*EXERCISE DETAILS:* Please retype the entries below word for word, passing over every picture.

*RECORDED DATA:*

⟨

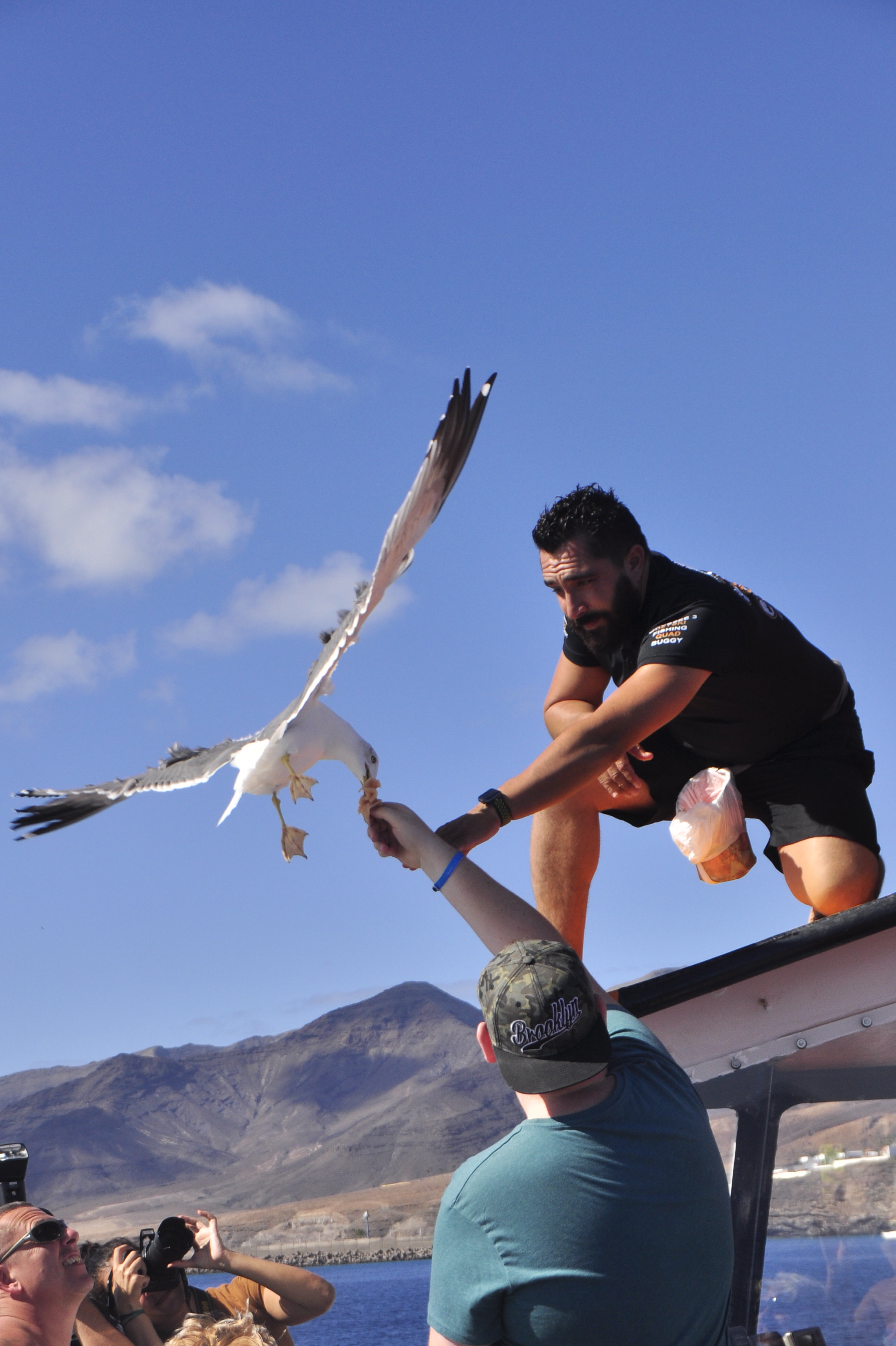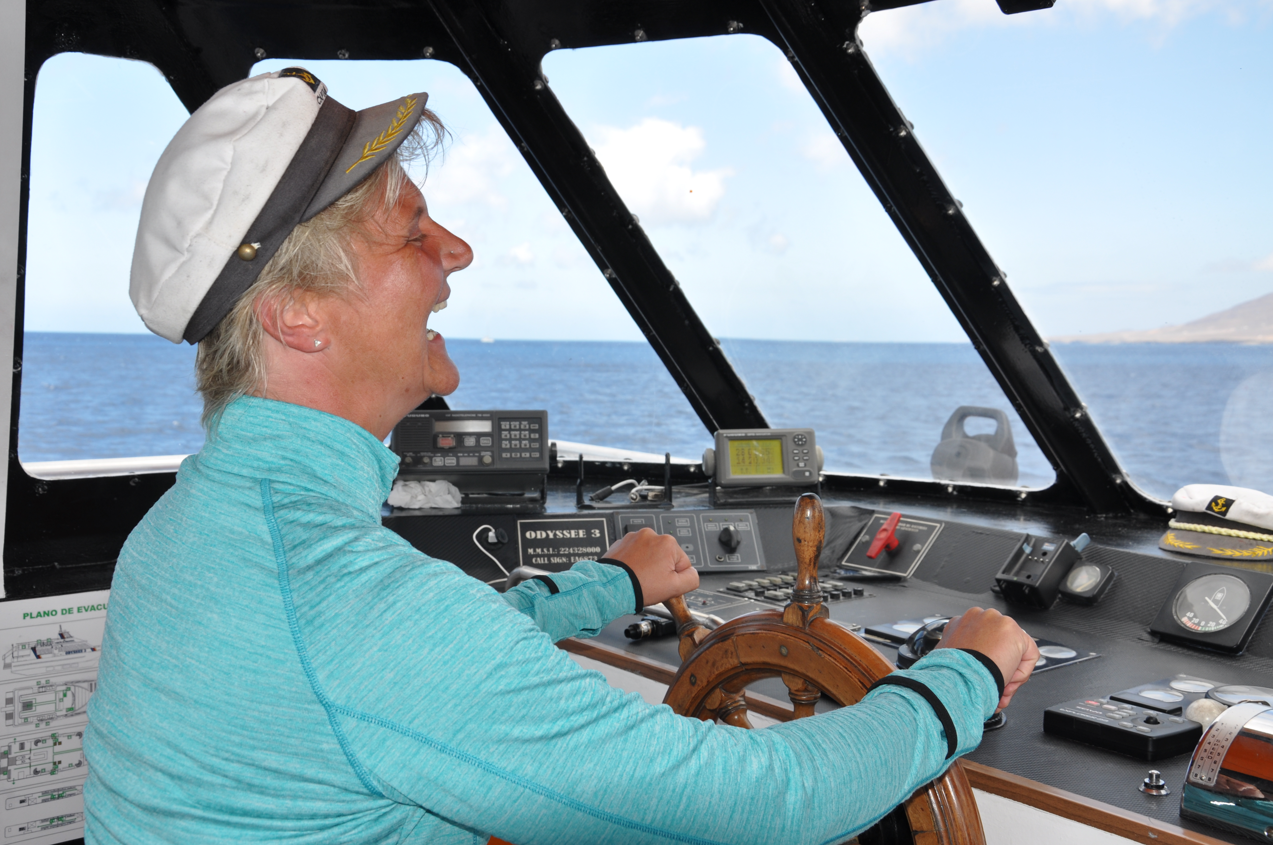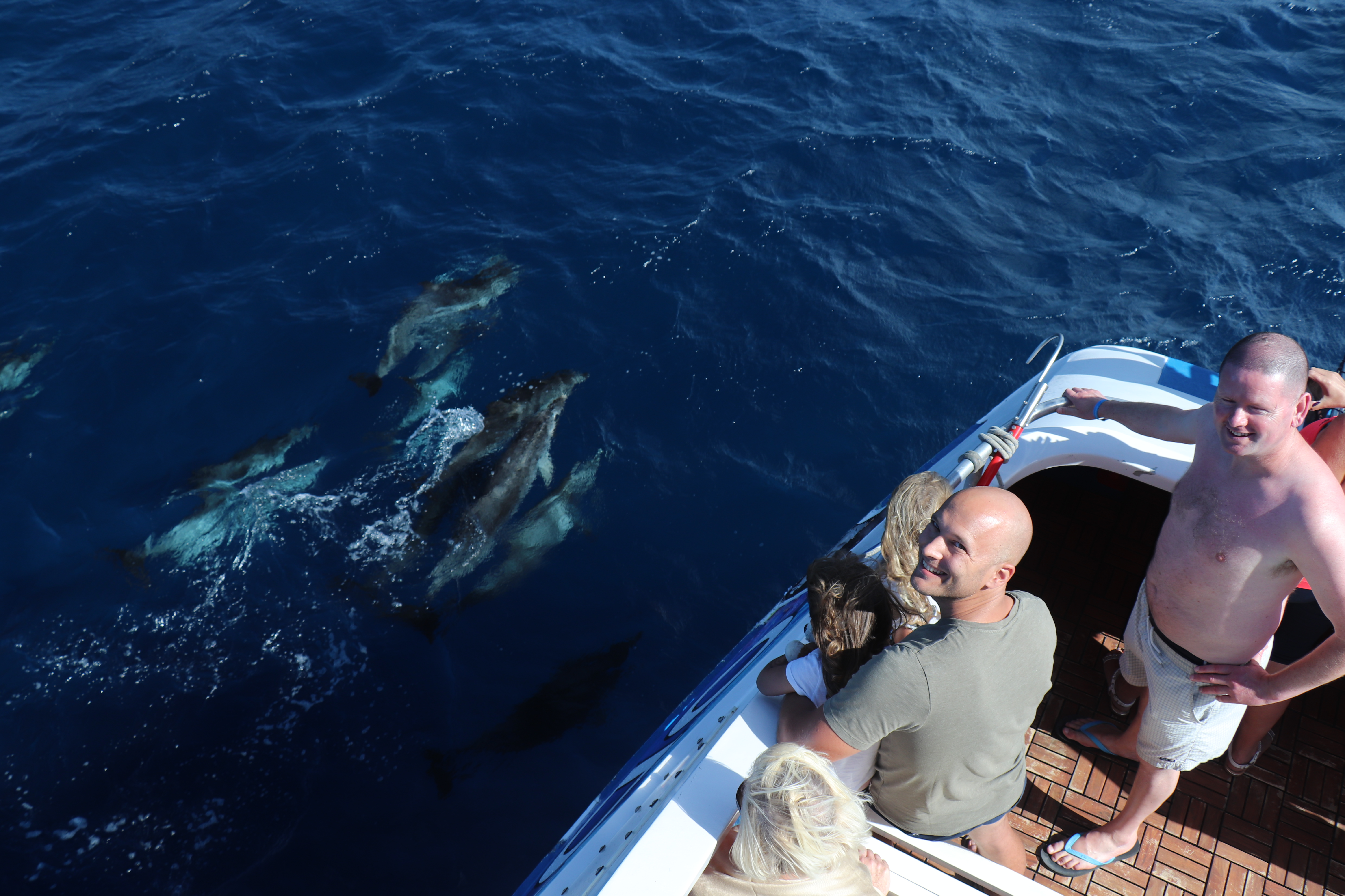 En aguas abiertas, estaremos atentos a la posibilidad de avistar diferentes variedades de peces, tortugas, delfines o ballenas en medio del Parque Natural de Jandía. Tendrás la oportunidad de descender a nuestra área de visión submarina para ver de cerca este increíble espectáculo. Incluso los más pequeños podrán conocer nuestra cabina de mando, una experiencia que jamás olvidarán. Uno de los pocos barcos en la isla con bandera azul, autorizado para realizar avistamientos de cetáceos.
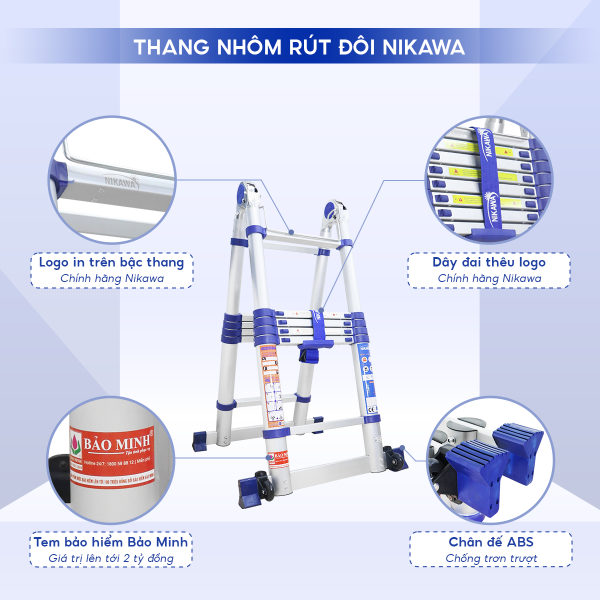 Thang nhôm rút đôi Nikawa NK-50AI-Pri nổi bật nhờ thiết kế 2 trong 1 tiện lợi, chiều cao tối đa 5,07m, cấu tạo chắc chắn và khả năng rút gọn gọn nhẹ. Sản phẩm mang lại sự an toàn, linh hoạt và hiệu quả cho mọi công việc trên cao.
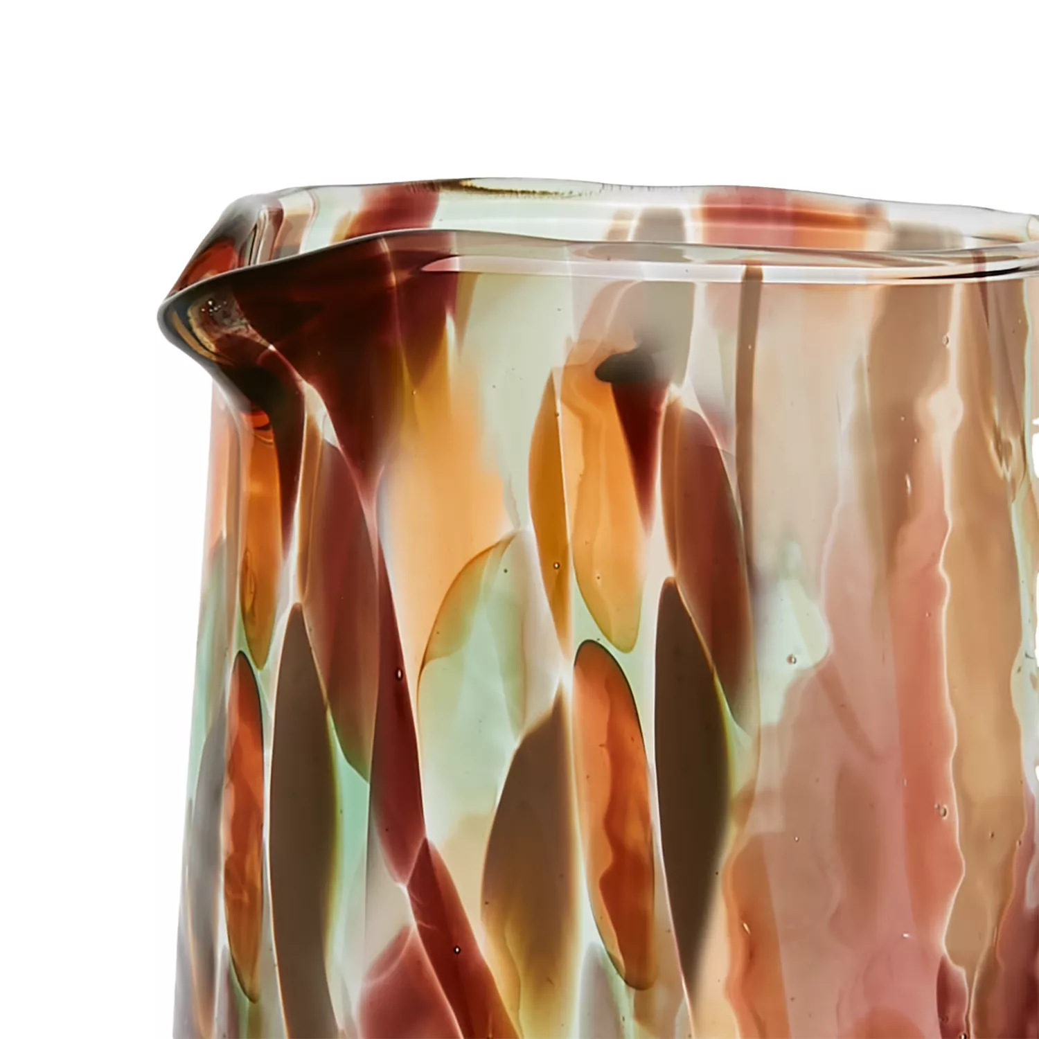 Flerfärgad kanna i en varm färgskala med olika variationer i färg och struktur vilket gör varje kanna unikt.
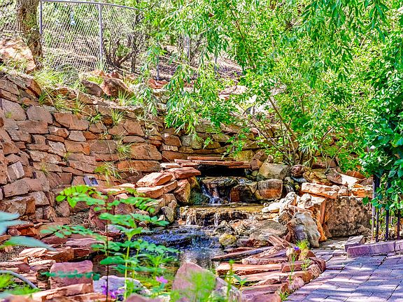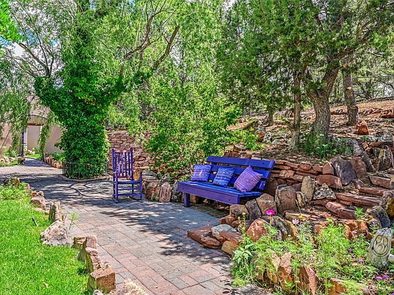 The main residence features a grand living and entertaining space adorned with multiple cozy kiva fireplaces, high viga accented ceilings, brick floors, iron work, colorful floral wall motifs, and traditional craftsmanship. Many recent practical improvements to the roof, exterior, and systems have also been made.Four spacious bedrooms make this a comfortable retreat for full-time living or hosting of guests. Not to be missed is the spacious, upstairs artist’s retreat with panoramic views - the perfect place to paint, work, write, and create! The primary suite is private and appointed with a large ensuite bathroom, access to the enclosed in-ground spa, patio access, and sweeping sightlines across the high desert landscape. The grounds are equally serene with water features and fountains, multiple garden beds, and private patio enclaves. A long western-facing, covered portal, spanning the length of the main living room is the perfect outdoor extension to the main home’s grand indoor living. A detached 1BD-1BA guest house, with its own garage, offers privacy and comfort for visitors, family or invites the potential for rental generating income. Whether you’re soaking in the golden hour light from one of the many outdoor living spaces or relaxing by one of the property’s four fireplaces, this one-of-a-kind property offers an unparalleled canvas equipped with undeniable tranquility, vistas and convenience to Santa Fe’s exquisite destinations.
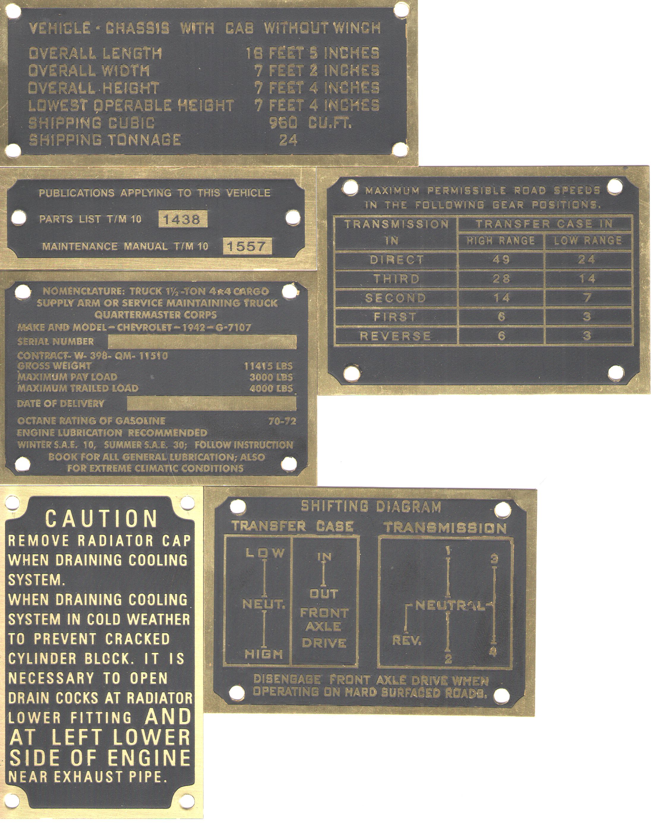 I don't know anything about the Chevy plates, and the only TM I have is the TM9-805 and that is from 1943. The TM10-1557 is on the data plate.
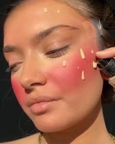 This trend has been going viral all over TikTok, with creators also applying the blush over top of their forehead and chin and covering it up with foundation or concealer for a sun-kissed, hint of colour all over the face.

⟩

*REPLY TO THE EXERCISE:*
 En aguas abiertas, estaremos atentos a la posibilidad de avistar diferentes variedades de peces, tortugas, delfines o ballenas en medio del Parque Natural de Jandía. Tendrás la oportunidad de descender a nuestra área de visión submarina para ver de cerca este increíble espectáculo. Incluso los más pequeños podrán conocer nuestra cabina de mando, una experiencia que jamás olvidarán. Uno de los pocos barcos en la isla con bandera azul, autorizado para realizar avistamientos de cetáceos.
 Thang nhôm rút đôi Nikawa NK-50AI-Pri nổi bật nhờ thiết kế 2 trong 1 tiện lợi, chiều cao tối đa 5,07m, cấu tạo chắc chắn và khả năng rút gọn gọn nhẹ. Sản phẩm mang lại sự an toàn, linh hoạt và hiệu quả cho mọi công việc trên cao.
 Flerfärgad kanna i en varm färgskala med olika variationer i färg och struktur vilket gör varje kanna unikt.
 The main residence features a grand living and entertaining space adorned with multiple cozy kiva fireplaces, high viga accented ceilings, brick floors, iron work, colorful floral wall motifs, and traditional craftsmanship. Many recent practical improvements to the roof, exterior, and systems have also been made.Four spacious bedrooms make this a comfortable retreat for full-time living or hosting of guests. Not to be missed is the spacious, upstairs artist’s retreat with panoramic views - the perfect place to paint, work, write, and create! The primary suite is private and appointed with a large ensuite bathroom, access to the enclosed in-ground spa, patio access, and sweeping sightlines across the high desert landscape. The grounds are equally serene with water features and fountains, multiple garden beds, and private patio enclaves. A long western-facing, covered portal, spanning the length of the main living room is the perfect outdoor extension to the main home’s grand indoor living. A detached 1BD-1BA guest house, with its own garage, offers privacy and comfort for visitors, family or invites the potential for rental generating income. Whether you’re soaking in the golden hour light from one of the many outdoor living spaces or relaxing by one of the property’s four fireplaces, this one-of-a-kind property offers an unparalleled canvas equipped with undeniable tranquility, vistas and convenience to Santa Fe’s exquisite destinations.
 I don't know anything about the Chevy plates, and the only TM I have is the TM9-805 and that is from 1943. The TM10-1557 is on the data plate.
 This trend has been going viral all over TikTok, with creators also applying the blush over top of their forehead and chin and covering it up with foundation or concealer for a sun-kissed, hint of colour all over the face.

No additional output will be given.